Tracking The Ethnic Vote -- Brown's Secret Weapon -- The Chinese Vote

By Rene Ciria-Cruz

Date: 02-19-99

The mayoral runoff saw the biggest effort to turn out the Chinese vote for victorious Willie Brown -- and it worked, reports PNS editor Rene Ciria-Cruz. He is also the executive editor of NCMonline.com, a multi-ethnic news media website.

SAN FRANCISCO -- Mayor Willie Brown's landslide victory in San Francisco's Dec. 14 runoff elections is widely credited to his all-out bid for moderate and conservative voters.
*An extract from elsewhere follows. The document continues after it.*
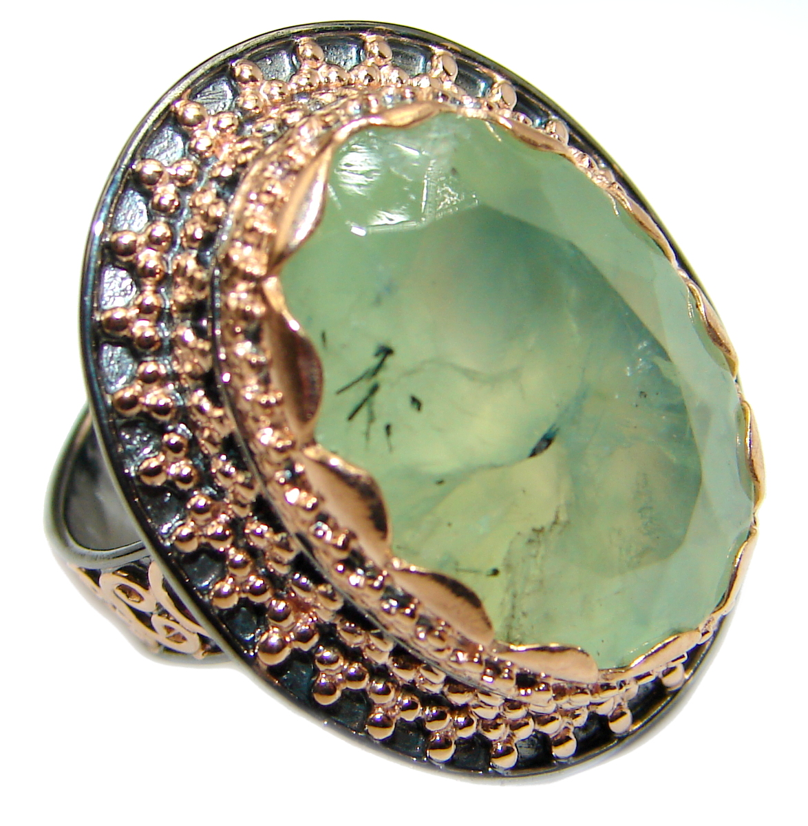 Natural Moss Prehnite oxidized .925 Sterling Silver handmade ring s. 8 adjustable

But far more fruitful than this "shot-gun" marriage of liberal black Democrat and white Republicans , says David Lee, executive director of the Chinese American Voter Education Committee, was Brown's courtship of the Chinese American vote.

Brown decisively trounced Ammiano in the heavily Chinese neighborhoods of Sunset (73 percent-27 percent), Richmond (64-36), Visitation Valley (88-12), West of Twin Peaks (76-24) and Chinatown (64-34), according to San Francisco Department of Elections tallies.

"This is an historic election for the Chinese community," declared Lee, a close observer of the city's political trends. "After 150 years of civic and political marginalization, Chinese Americans can no longer be discounted by any politician. This election has changed that. Chinese voters are finally at the political table."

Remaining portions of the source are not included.